If your case is already in court, file a signed Substitution of Counsel before the next hearing, discovery deadline, or trial date. If no lawsuit has been filed yet, there is usually no court form - you switch by signing a new fee agreement and sending written notice ending the old one.

Before you know that, people in Waipahu often feel stuck. The old lawyer stops returning calls, the adjuster keeps pushing papers in English, and medical bills from places like The Queen's Medical Center start piling up during tax season. Many people think changing lawyers will "ruin" the case. It usually does not.

After you switch, what changes is control.

Your new lawyer gets your file, talks to the insurer, and takes over deadlines. If a lawsuit is already pending on Oahu, the filing usually goes through the First Circuit Court. If the old lawyer will not cooperate, the court may require a motion to withdraw or substitute counsel instead of a simple substitution.

What does not change is the main legal deadline. In Hawaii, most car accident injury lawsuits must still be filed within 2 years under HRS § 657-7. Switching lawyers does not restart that clock.

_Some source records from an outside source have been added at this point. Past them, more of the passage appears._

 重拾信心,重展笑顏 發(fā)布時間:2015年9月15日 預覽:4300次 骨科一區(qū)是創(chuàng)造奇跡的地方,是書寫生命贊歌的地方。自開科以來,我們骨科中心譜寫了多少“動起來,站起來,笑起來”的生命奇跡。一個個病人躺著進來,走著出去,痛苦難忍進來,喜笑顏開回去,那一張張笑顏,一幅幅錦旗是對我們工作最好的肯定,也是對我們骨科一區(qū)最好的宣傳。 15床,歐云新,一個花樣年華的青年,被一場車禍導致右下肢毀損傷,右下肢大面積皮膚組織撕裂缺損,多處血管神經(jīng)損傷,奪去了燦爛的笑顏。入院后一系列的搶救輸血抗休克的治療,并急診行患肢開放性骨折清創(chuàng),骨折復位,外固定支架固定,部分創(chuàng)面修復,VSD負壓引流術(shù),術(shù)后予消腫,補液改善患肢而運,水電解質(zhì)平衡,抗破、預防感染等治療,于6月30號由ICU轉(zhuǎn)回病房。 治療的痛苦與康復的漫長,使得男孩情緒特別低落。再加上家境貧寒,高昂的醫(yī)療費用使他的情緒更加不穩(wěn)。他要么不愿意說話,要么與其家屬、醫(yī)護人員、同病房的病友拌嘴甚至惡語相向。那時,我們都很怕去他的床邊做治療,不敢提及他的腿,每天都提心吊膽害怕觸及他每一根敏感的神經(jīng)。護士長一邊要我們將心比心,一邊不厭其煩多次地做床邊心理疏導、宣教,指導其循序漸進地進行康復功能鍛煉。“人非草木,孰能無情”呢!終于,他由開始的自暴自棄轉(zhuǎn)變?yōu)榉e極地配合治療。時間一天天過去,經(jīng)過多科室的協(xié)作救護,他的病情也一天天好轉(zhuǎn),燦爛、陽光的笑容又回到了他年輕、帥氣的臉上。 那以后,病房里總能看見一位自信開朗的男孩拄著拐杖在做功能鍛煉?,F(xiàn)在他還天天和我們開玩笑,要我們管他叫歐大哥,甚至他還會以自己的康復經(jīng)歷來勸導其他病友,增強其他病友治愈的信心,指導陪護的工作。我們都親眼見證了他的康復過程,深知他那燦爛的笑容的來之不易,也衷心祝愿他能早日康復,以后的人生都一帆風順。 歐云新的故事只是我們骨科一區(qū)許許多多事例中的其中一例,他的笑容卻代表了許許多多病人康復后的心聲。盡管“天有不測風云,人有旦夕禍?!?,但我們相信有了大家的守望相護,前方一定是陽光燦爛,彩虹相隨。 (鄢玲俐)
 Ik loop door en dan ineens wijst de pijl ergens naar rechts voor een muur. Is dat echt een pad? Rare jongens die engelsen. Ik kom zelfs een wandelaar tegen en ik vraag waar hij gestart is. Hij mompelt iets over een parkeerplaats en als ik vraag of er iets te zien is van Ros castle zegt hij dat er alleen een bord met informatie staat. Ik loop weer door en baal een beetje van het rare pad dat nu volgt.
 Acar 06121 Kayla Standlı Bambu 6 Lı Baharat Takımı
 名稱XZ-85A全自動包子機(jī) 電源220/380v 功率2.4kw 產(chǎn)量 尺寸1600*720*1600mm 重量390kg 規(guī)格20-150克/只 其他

Fees usually do not double. In Hawaii, the old and new lawyers typically work out how to split one contingency fee based on the work each did. That should be explained in writing.

Do this before switching:

  • Ask for a full copy of your file, bills, photos, and insurance letters
  • Ask whether any PIP, lien, or court deadlines are coming up
  • Confirm whether suit has already been filed
  • Get the new fee agreement in a language you understand, or translated clearly

If your crash involved a service truck, rental car traffic near Honolulu, or a brake-failure wreck coming off roads like Likelike Highway, switching lawyers does not erase the evidence already collected. It just changes who is responsible for using it.

by Keoni Makoa on 2026-04-02

Nothing on this page should be taken as legal advice — it's general information that may not apply to your specific case. If you've been hurt, a lawyer can tell you where you actually stand.